= Heinrich Schiff =

Austrian cellist

Heinrich Schiff (/de/; 18 November 1951 – 23 December 2016) was an Austrian cellist and conductor.

==Early life==
Heinrich Schiff was born on 18 November 1951 in Gmunden, Austria. His parents, Helga (née Riemann) and Helmut Schiff, were composers. He studied cello with Tobias Kühne and André Navarra and made his solo debut in Vienna and London in 1971. He studied conducting with Hans Swarowsky.

==Career==
Schiff made his conducting debut in 1986. He was artistic director of the Northern Sinfonia from 1990 to 1996, and recorded with them for the Collins Classics label. He also held chief conductorships with the Copenhagen Philharmonic Orchestra in Copenhagen, Denmark (1996-2000), and the Orchester Musikkollegium Winterthur (1996–2001).

In 2004, he was appointed Chief Conductor of the Vienna Chamber Orchestra and served in the post from 2005 to 2008. He stood down from the post in 2008 for health reasons.

Schiff played the "Mara" Stradivarius (1711) and "Sleeping Beauty" made by Montagnana in Venice in 1739. His recording of the Bach Cello Suites won prizes, and his recording of the Shostakovich concertos won the Grand Prix du Disque in 1985. His recording of the Brahms Double Concerto with Frank Peter Zimmermann and Wolfgang Sawallisch won the Deutscher Schallplattenpreis.

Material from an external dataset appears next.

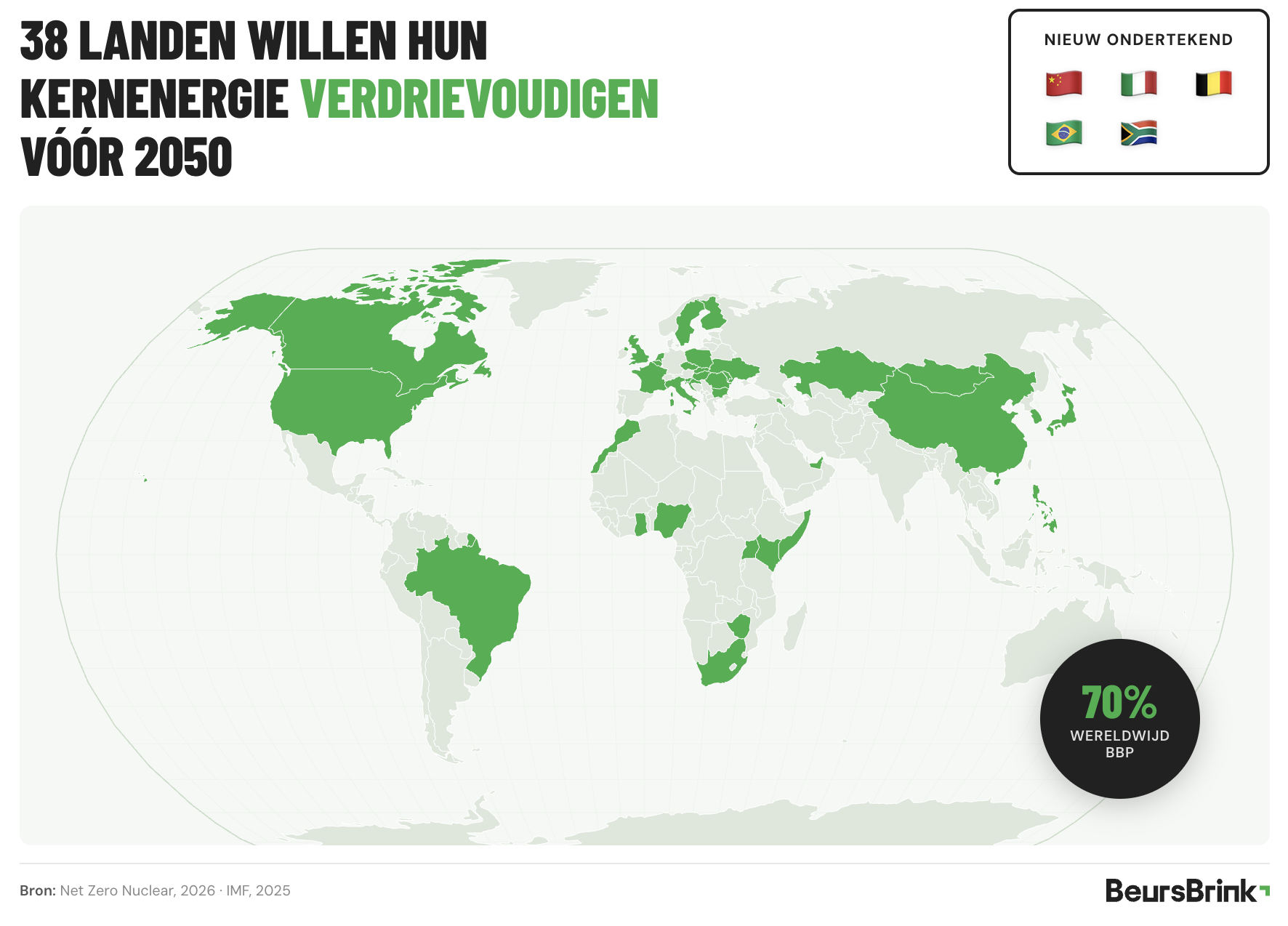 Parallel aan de regeringen hebben meer dan 140 bedrijven binnen de nucleaire toeleveringsketen zich aangesloten via de Net Zero Nuclear Industry Pledge. Namen als EDF, Westinghouse, Cameco en GE Hitachi. En 14 grote internationale financiële instellingen (BoFa, Goldman, Morgan Stanley) hebben hun steun uitgesproken, inmiddels al uitgegroeid naar 16. Niet als marketingpraatje, maar als signaal dat zij bereid zijn kapitaal te mobiliseren voor grootschalige kernenergieprojecten die voorheen moeilijk te financieren waren.

Composers who have written cello concertos for Schiff include John Casken, Friedrich Gulda and Otto Zykan.

Among his students were Christian Poltéra, Rudi Spring, Gautier Capuçon, Richard Harwood and Natalie Clein.

== Other ==
Schiff frequently experienced pain in his right shoulder and arm, the one that holds the bow, presumably caused by overexertion, but tried to ignore it. While playing in a chamber concert in Vienna on 25 April 2010 he had to take breaks during pieces due to the pain. After this evening, he never played cello in public again.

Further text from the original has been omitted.